• Records for the task:
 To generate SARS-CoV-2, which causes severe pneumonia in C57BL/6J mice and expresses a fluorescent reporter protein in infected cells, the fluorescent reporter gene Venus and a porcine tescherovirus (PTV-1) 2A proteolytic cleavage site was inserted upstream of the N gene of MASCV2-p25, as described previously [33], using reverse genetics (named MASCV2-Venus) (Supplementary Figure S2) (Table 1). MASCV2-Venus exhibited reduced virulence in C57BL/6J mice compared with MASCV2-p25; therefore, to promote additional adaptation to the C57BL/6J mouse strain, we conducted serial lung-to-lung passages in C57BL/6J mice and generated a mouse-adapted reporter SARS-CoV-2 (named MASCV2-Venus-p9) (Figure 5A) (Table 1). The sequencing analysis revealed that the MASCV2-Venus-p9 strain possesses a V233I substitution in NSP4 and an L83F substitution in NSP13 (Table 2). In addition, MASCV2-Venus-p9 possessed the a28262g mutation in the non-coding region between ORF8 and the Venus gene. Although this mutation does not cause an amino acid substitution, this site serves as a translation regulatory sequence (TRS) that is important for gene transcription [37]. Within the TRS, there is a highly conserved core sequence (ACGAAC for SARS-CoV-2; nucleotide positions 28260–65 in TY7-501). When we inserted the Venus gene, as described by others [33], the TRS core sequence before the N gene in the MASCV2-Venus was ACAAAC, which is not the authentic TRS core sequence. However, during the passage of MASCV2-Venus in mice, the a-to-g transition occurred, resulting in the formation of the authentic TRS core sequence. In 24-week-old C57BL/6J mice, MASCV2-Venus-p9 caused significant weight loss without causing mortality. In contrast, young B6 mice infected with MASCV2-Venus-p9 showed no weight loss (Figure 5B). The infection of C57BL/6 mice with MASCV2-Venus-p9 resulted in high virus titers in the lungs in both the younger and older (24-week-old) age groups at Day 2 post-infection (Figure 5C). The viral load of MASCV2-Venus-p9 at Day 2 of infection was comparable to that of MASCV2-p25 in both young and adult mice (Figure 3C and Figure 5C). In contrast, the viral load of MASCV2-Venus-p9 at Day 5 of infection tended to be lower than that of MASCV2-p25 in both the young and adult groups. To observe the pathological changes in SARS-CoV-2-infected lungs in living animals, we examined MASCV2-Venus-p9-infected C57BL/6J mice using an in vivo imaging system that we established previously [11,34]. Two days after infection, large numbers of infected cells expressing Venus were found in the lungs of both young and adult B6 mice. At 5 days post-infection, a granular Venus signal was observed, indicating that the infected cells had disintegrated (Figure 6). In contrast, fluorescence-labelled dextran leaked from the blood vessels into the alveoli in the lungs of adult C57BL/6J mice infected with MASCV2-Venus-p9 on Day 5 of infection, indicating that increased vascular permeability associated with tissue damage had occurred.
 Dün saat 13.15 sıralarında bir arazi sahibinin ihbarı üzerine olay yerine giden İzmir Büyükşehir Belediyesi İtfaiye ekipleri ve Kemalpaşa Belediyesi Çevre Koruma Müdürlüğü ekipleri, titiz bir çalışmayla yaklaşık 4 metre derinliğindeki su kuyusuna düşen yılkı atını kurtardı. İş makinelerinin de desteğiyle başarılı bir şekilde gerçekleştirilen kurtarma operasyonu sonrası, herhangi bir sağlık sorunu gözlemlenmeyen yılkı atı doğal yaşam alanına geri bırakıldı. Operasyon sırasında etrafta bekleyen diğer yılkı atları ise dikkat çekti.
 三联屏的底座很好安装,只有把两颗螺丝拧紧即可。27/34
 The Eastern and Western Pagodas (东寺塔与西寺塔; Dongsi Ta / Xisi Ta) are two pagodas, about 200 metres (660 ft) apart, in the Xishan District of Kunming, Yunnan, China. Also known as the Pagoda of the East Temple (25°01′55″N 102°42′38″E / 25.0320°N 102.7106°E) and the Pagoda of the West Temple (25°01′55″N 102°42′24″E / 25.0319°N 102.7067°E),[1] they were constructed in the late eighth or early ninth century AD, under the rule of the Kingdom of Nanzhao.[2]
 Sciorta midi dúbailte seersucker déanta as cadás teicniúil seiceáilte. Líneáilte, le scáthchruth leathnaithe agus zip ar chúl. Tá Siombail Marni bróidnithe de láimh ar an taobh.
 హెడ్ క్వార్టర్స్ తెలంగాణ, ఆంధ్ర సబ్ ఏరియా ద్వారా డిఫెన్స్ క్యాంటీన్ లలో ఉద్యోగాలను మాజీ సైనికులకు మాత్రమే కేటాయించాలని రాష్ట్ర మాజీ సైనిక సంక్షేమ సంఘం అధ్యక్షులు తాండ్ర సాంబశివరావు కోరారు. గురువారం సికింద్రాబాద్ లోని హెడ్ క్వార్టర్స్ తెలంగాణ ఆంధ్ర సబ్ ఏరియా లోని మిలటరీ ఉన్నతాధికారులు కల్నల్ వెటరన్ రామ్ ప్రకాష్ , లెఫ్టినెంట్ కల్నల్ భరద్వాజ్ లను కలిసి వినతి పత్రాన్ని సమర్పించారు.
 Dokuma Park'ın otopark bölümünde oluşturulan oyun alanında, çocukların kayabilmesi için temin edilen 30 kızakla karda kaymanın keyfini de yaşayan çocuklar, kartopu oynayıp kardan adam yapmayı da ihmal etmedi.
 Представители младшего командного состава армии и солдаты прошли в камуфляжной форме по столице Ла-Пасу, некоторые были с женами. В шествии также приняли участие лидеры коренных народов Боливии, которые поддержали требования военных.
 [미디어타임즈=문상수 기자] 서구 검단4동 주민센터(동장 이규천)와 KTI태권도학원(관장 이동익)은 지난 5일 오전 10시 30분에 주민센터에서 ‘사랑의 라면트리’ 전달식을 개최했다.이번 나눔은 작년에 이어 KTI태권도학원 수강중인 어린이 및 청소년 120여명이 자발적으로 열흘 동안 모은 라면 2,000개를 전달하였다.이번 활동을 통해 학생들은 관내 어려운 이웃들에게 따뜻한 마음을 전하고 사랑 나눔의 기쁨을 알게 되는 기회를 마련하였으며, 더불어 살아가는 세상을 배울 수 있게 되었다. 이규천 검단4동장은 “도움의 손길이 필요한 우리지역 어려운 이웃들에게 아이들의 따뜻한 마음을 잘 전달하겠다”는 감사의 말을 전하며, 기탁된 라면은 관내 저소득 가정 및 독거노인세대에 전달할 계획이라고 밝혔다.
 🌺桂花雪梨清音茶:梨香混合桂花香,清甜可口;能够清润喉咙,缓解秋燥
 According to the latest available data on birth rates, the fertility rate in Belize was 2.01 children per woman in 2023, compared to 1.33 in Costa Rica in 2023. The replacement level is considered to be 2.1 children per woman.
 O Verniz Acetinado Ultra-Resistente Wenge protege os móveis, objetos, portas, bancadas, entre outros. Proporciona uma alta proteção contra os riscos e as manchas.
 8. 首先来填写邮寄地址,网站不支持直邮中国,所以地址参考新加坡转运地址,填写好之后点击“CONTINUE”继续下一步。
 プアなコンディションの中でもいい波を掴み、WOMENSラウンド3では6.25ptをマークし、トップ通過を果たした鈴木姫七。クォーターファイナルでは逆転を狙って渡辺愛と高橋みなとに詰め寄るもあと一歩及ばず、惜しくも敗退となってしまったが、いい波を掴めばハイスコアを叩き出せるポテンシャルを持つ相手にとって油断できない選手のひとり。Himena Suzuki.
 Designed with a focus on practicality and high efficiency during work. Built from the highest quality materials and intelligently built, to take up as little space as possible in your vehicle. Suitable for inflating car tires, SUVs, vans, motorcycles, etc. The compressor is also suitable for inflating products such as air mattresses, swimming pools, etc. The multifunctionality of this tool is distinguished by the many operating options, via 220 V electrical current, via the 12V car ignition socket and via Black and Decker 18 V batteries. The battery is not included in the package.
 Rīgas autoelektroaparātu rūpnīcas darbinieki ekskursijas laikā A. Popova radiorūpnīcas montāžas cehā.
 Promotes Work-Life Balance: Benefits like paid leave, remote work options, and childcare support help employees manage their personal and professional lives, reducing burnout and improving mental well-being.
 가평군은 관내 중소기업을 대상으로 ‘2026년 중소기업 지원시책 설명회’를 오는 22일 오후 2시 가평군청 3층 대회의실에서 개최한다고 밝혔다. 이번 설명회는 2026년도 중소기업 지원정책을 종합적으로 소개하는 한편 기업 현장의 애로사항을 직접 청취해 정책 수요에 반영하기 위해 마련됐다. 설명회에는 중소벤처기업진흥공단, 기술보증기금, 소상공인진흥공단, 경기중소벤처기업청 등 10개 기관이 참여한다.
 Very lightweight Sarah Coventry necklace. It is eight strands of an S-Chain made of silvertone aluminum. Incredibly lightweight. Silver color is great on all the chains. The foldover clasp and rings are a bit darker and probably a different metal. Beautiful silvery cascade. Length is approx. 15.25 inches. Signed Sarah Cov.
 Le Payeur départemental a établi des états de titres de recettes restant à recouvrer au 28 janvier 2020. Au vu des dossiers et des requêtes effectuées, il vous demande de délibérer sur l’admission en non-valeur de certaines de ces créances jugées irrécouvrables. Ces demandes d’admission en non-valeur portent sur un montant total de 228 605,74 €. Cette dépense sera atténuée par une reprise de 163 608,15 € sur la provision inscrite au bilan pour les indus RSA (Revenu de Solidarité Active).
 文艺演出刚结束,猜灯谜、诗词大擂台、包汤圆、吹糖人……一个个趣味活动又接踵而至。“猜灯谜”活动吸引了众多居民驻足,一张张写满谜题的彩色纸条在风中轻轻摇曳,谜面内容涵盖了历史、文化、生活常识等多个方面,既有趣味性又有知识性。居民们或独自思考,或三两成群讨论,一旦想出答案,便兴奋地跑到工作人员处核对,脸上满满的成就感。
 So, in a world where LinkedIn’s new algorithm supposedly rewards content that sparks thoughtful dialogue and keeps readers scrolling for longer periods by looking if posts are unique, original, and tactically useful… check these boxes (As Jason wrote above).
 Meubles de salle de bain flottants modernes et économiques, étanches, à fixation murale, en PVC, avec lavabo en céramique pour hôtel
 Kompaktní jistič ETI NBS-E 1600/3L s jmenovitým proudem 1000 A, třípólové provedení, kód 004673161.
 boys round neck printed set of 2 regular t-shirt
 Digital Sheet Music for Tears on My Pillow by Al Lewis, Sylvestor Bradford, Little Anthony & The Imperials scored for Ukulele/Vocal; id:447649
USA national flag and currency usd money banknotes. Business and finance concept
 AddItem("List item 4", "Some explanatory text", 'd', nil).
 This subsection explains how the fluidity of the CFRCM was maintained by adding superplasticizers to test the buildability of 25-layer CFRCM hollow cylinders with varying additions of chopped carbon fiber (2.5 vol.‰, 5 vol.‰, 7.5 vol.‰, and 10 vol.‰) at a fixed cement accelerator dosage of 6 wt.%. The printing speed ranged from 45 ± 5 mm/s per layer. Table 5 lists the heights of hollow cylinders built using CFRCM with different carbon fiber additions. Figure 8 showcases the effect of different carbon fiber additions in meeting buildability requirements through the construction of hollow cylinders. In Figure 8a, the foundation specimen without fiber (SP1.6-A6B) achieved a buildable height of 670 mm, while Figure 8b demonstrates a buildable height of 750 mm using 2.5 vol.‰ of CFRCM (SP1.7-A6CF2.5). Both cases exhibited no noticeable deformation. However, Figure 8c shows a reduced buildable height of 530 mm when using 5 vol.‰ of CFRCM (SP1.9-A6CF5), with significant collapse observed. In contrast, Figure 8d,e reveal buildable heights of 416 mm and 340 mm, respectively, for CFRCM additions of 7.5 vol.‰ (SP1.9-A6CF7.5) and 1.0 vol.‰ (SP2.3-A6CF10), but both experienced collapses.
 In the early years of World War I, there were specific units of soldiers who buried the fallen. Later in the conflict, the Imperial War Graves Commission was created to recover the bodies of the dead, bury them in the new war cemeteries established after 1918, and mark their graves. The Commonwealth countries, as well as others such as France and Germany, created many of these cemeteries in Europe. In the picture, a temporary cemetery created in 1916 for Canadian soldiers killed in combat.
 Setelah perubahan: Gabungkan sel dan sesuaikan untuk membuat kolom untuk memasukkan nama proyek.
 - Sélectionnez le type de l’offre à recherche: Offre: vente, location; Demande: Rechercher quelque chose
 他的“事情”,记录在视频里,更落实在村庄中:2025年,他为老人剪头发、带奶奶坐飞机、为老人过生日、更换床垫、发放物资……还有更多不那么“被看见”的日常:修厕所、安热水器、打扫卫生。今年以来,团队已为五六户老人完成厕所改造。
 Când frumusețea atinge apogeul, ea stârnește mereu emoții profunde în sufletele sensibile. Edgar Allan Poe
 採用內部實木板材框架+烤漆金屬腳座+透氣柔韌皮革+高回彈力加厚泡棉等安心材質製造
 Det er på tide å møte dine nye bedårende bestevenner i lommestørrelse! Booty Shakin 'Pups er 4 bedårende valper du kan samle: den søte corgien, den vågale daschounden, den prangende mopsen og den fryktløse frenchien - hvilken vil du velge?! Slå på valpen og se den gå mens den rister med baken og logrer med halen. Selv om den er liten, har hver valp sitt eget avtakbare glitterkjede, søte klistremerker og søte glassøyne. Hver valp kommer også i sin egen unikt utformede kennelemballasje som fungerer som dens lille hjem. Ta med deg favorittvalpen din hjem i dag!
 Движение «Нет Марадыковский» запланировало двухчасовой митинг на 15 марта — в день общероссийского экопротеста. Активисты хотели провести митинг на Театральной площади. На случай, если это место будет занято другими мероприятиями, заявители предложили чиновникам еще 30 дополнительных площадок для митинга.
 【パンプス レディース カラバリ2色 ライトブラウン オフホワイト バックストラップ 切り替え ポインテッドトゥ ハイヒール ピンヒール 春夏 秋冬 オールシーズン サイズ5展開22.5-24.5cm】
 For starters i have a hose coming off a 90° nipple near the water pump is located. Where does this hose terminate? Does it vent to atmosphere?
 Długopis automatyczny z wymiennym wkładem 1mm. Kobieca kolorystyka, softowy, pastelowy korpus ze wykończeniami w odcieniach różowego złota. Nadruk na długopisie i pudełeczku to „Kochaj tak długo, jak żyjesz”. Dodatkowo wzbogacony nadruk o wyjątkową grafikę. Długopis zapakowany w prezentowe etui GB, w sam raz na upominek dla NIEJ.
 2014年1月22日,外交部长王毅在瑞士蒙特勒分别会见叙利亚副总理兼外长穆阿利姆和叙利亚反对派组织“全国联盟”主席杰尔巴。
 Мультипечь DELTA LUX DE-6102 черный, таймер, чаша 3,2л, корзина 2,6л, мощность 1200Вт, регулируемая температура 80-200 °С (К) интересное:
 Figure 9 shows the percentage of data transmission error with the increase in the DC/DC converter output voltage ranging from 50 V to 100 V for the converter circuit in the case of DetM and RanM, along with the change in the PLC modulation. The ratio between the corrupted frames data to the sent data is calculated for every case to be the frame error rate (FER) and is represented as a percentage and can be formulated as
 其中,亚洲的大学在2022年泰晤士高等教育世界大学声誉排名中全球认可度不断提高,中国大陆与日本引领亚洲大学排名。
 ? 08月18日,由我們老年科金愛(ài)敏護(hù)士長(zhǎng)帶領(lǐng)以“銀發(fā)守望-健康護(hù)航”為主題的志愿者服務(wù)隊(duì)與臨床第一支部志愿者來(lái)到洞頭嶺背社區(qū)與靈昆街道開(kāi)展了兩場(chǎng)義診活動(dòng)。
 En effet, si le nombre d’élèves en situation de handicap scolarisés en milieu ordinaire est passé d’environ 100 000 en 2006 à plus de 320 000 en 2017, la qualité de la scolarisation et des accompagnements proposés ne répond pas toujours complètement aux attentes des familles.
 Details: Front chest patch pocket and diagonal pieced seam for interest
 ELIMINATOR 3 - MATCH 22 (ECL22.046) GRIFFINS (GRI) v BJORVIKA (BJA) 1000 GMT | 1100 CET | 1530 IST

• Try it:
In the listing above, locate the line with "- Sélectionnez le" and the line with "採用內部實木板材框架+烤漆金", then extract exactly those lines and every line between them, and nothing more.

• Response to the exercise:
 - Sélectionnez le type de l’offre à recherche: Offre: vente, location; Demande: Rechercher quelque chose
 他的“事情”,记录在视频里,更落实在村庄中:2025年,他为老人剪头发、带奶奶坐飞机、为老人过生日、更换床垫、发放物资……还有更多不那么“被看见”的日常:修厕所、安热水器、打扫卫生。今年以来,团队已为五六户老人完成厕所改造。
 Când frumusețea atinge apogeul, ea stârnește mereu emoții profunde în sufletele sensibile. Edgar Allan Poe
 採用內部實木板材框架+烤漆金屬腳座+透氣柔韌皮革+高回彈力加厚泡棉等安心材質製造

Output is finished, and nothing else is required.